TASK DIRECTIONS> Using the material below, repeat exactly the lines from the one with "- D’Addario EJ73" through the one with "1/4'' NPT adapter/fittings.", ends included, without any images.

MATERIAL FOR THIS TASK>
════════

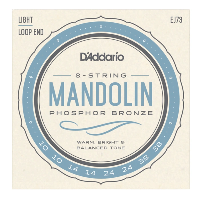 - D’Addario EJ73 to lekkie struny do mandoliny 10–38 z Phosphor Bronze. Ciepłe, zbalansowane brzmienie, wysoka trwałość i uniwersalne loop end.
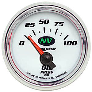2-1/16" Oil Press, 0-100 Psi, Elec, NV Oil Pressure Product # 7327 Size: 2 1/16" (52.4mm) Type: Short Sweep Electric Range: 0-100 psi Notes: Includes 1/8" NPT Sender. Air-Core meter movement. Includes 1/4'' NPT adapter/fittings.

════════

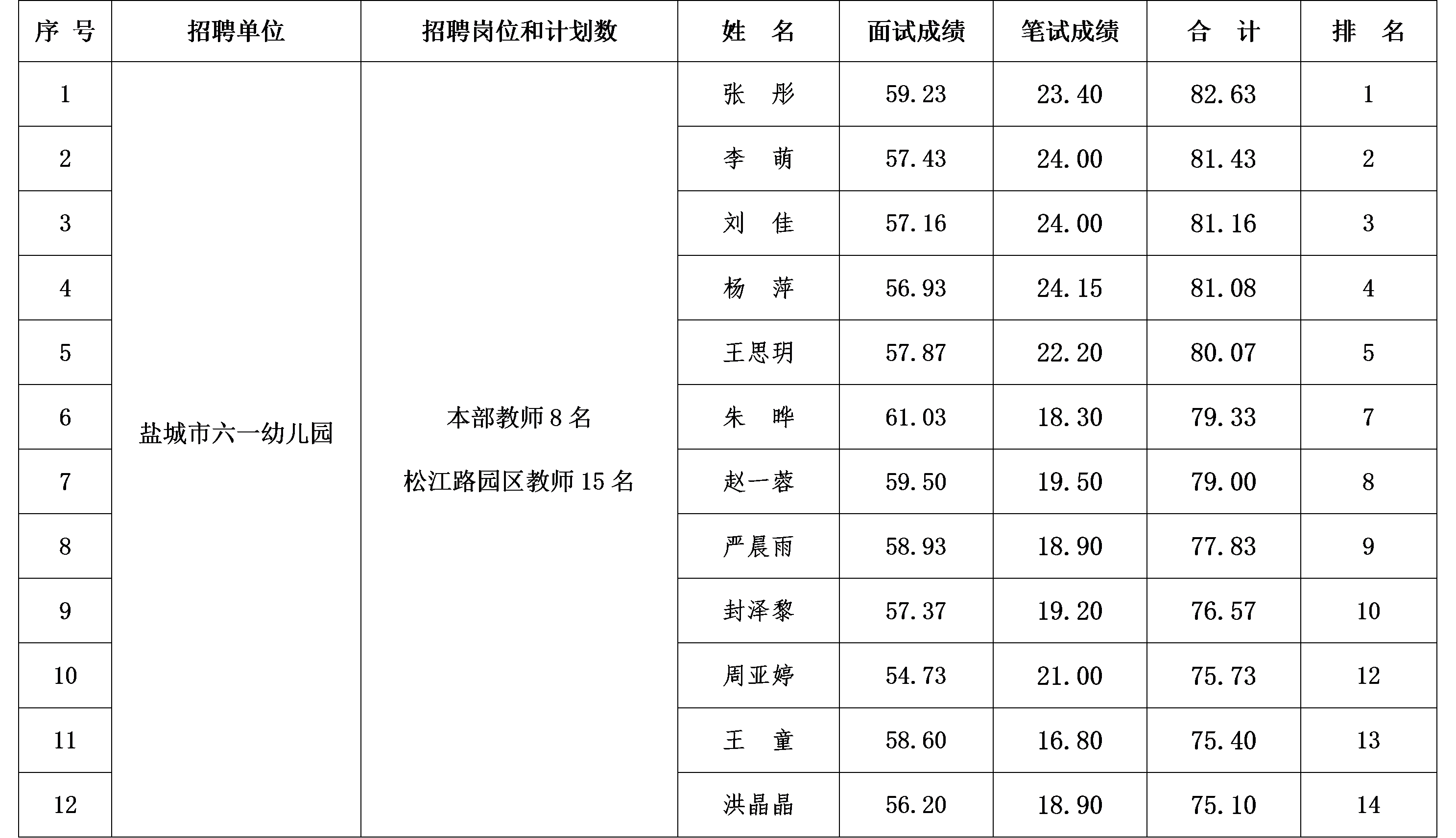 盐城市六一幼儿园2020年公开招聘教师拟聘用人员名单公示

════════

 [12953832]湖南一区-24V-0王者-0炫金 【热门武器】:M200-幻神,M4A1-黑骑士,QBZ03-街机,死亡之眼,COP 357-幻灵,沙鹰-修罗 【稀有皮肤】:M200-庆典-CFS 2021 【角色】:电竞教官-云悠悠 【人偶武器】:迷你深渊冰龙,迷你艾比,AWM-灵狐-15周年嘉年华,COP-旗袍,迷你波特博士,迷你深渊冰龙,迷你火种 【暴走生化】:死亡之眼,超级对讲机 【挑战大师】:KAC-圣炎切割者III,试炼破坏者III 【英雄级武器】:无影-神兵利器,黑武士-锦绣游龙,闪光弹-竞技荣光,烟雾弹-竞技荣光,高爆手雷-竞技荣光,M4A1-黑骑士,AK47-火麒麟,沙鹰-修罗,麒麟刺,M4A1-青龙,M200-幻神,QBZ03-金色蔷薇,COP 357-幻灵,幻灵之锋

════════

ANSWER TO THE EXERCISE>
 - D’Addario EJ73 to lekkie struny do mandoliny 10–38 z Phosphor Bronze. Ciepłe, zbalansowane brzmienie, wysoka trwałość i uniwersalne loop end.
2-1/16" Oil Press, 0-100 Psi, Elec, NV Oil Pressure Product # 7327 Size: 2 1/16" (52.4mm) Type: Short Sweep Electric Range: 0-100 psi Notes: Includes 1/8" NPT Sender. Air-Core meter movement. Includes 1/4'' NPT adapter/fittings.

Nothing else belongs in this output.